いつの間にか伸ばされた手が、やわやわとそれを握り込んで……って、
「ま、て…! な、何を……」
「処理、してあげますよ」
意地の悪い声と共に、下着ごとパジャマのズボンを引きずり下ろされる。
「ひっ!? い、いいっ、やめろばか!」
「別にいいじゃありませんか。…夫婦、なんでしょう?」
「それは、そう、だが…っ、あっ、やぁ…!」
俺の前に膝をついた一樹が、わざとらしく息を吹きかけると、それだけで首をもたげてくる己が憎たらしい。

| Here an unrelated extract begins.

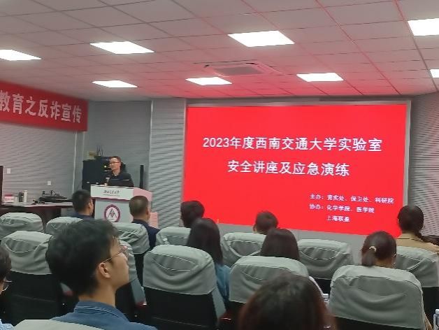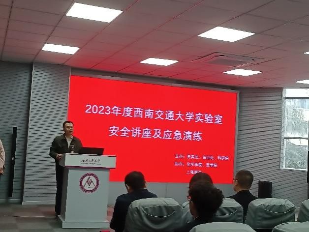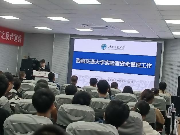 西南交通大学实验室安全大使团学生代表给同学们讲解了西南交通大学实验室安全管理工作相关内容,成都市金牛区消防大队刘伟中队长通过多个视频和现实生活中的惨痛案例强调消防安全的重要性,列举常见的消防安全隐患,如使用热得快等违规产品引发火灾,忘关电源使设备通电时间过长、温度过高引起火灾;操作不慎,使火源接触易燃物质引起火灾;供电线超负荷,线路发热引起火灾;插线板使用超年限等。

「夫婦なら、こういうことだってしてたんでしょう? そこの、ベッドの上で」
「っ…!」
その通りだが、そんな風にして辱められると堪らなく胸が痛んだ。
「ああ、立ったままが嫌なら、ベッドに移動しましょうか」
そう言って立ち上がった一樹は、なんでもないような顔で俺を抱え上げ、ベッドまで運びやがった。
「んなっ!?」
「軽いですね。…ちゃんと食べてなかったんですか?」
「う、るさ……!」
「僕の覚えているあなたも細かったですけど……あなたの今の年齢でこの細さはどうなんです?」
「おちおち太ってもいられないんだよ…っ、て、触んな…!」
肉付きを確かめるように腹を撫でられ、脚を撫でまわされるとぞくぞくと背筋が震えた。
くっそ、なんで触り方は変わってないんだ。
体が覚えてるとでも言うつもりか!?
記憶が戻ったら絶対にド突き回す!
「ちゃんとこっちに集中してくださいよ」
くすくす笑いながら、一樹が言う。
その手が熱を持った塊に触れ、ゆるゆると撫で回すとそれだけでも堪らなくなるのに、それだけじゃ足りないとも思っちまった自分の頭を吹き飛ばしたい。
「なんで……」
「…さあ、なんででしょうね」
そう言った声が聞こえたと思うと、熱いものに包み込まれた。
この感覚を俺は知ってる。
「くわ、え、んなぁ…!」
抗議の声を上げ、もがいてみても簡単に抑え込まれてしまう。
「や、めろって…! や、ぁ、やだ……」
「そんなことを言ってますけど、」
ちゅ、とわざとらしい音を立てて口を離した一樹は、
「ここで止められたら困るのはあなたでしょう?」
「……っう………」
情けなくて泣きたくなる。
というか、泣いた。
腕で目を隠して、涙を抑えて、それでも多分、声や体の震えで一樹には知られただろう。
強引に及んだ行為にしては優しくされて、余計に涙があふれた。
尖端に絡む舌の感触も、袋を揉む手つきも変わらず優しく、暖かいのに、それが余計に寂しさを感じさせる。
一樹と肌を触れ合わせているのに、一樹が側にいない時のように心細い。
ちっとも満たされた気分になれないまま、文字通り処理された俺は、少しだけクリアになった頭がそれでも鈍く動くのを感じながら、
「…なんでこんなことしたんだ……」
ともう一度問いかけたが、答えはやはり頼りない、
「……知りません」
というものがあったきりだった。
俺だけ処理され、後片付けもされ、ご丁寧に布団まで掛けられたが、一樹は自分のことについては何も言わず、無言のまま布団にもぐった。
向けられた背中が酷く遠く感じられた。